▶ _Work to be completed_: Below are entries; repeat exactly, and nothing else, the lines from the one holding "A framed and" through the one holding "下午的重头戏是黄河源头的千湖", inclusive. Leave the pictures out.

▶ _Excerpted records_:

★ ★ ★ ★

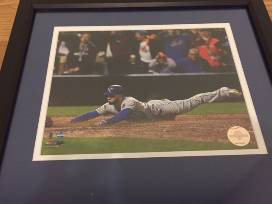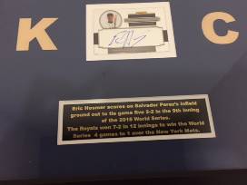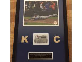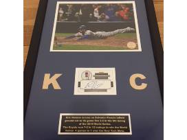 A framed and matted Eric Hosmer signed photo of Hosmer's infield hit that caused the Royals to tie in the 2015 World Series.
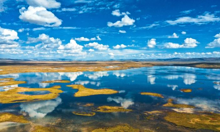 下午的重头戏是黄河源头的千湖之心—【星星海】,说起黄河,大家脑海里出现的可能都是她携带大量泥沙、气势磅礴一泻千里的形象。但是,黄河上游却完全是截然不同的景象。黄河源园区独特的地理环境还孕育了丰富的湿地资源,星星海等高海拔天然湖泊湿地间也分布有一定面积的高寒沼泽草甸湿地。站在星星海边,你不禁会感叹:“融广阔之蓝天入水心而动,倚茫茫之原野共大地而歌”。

★ ★ ★ ★

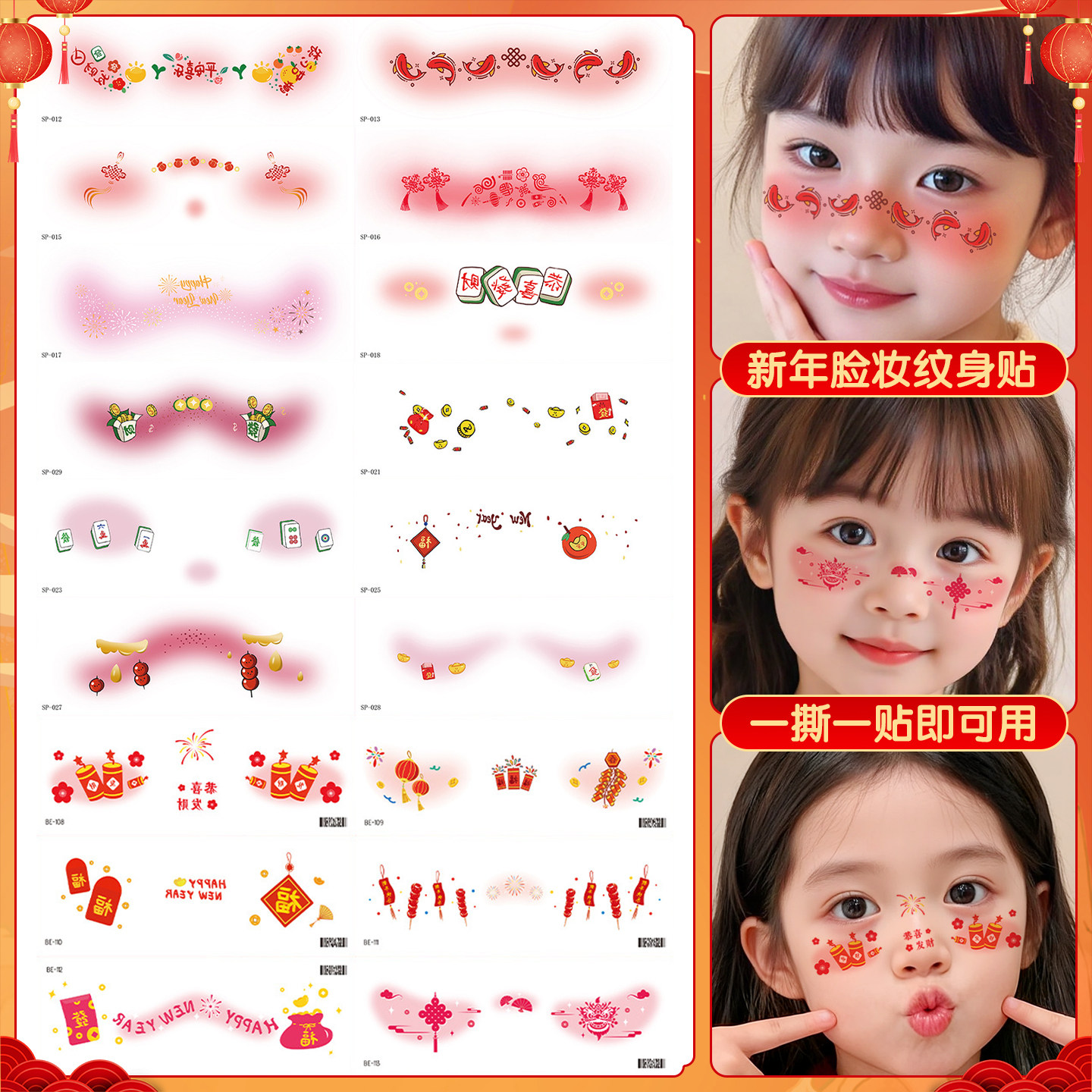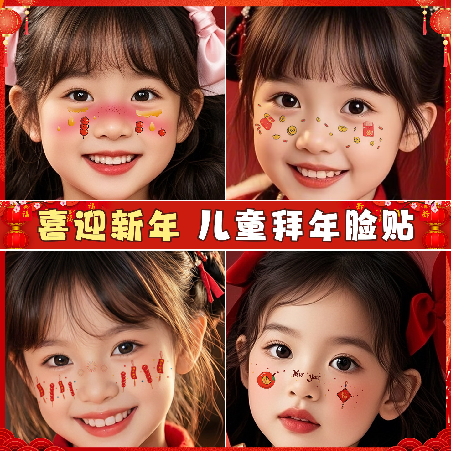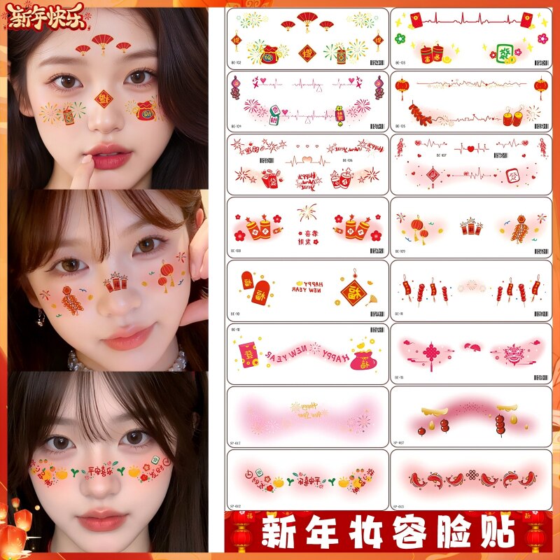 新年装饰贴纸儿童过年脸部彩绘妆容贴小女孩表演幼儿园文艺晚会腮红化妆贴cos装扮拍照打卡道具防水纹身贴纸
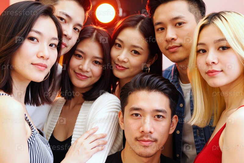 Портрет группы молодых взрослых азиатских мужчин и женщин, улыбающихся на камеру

★ ★ ★ ★

▶ _Result for this exercise_:
 A framed and matted Eric Hosmer signed photo of Hosmer's infield hit that caused the Royals to tie in the 2015 World Series.
 下午的重头戏是黄河源头的千湖之心—【星星海】,说起黄河,大家脑海里出现的可能都是她携带大量泥沙、气势磅礴一泻千里的形象。但是,黄河上游却完全是截然不同的景象。黄河源园区独特的地理环境还孕育了丰富的湿地资源,星星海等高海拔天然湖泊湿地间也分布有一定面积的高寒沼泽草甸湿地。站在星星海边,你不禁会感叹:“融广阔之蓝天入水心而动,倚茫茫之原野共大地而歌”。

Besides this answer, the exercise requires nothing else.